Question

I am side-checking some code that was translated from C to C#. I have a question on the original C:

...
#define getblock(p, i) (p[i])
...
void MurmurHash3_x86_32 ( const void * key, int len,
                          uint32_t seed, void * out )
{
  const uint8_t * data = (const uint8_t*)key;
  const int nblocks = len / 4;
  int i;

  uint32_t h1 = seed;

  uint32_t c1 = 0xcc9e2d51;
  uint32_t c2 = 0x1b873593;

  const uint32_t * blocks = (const uint32_t *)(data + nblocks*4);

  for(i = -nblocks; i; i++)
  {
    uint32_t k1 = getblock(blocks,i);
...

The part for(i = -nblocks; i; i++) ... is this looping through the data backwards? I've never seen data referred to with a negative index.

Was it helpful?

Solution

No it's not looping through the data backwards. It starts at the beginning of data, and indexes up.

As you can see, here the pointer "blocks" is advanced past "data" already. It points "nblocks" past the beginning of data.

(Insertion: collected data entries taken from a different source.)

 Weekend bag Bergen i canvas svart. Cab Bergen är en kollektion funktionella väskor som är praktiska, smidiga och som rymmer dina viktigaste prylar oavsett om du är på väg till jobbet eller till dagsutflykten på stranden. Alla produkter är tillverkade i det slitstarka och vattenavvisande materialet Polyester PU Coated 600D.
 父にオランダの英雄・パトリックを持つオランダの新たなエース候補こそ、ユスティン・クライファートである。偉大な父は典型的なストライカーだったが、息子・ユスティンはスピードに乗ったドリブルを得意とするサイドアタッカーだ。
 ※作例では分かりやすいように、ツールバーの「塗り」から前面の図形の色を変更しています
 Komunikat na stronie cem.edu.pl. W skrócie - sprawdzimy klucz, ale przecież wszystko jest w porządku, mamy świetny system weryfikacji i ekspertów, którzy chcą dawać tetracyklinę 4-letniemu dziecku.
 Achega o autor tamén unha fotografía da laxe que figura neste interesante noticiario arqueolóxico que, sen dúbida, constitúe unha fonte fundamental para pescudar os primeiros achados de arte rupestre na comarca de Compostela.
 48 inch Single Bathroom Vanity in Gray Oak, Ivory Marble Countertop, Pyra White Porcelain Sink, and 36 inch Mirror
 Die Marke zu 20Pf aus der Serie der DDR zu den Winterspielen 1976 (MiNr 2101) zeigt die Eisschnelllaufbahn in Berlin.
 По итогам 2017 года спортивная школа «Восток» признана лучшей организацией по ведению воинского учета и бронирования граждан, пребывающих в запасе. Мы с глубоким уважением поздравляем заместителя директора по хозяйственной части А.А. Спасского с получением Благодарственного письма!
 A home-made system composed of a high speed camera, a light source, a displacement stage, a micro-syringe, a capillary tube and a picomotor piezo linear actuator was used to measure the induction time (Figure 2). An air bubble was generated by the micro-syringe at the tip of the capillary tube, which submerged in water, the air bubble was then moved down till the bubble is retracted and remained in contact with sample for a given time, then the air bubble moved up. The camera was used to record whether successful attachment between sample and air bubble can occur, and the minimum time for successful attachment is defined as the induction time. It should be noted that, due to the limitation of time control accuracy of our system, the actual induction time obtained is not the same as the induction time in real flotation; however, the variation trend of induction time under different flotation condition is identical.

const uint32_t * blocks = (const uint32_t *)(data + nblocks*4);

So, you need a negative index to get to the beginning of data (-nblocks). The start of data is precisely at "blocks[-nblocks]". The "for" loop simply starts there, and counts up.

for(i = -nblocks; i; i++)

OTHER TIPS

The blocks variable is initialized ahead of data by nblocks (assuming sizeof(uint32_t) == 4). The for loop then starts from the beginning of data up to the end pointed to by blocks, so negative indices are used. So, it is not looping through the data backwards, but forwards.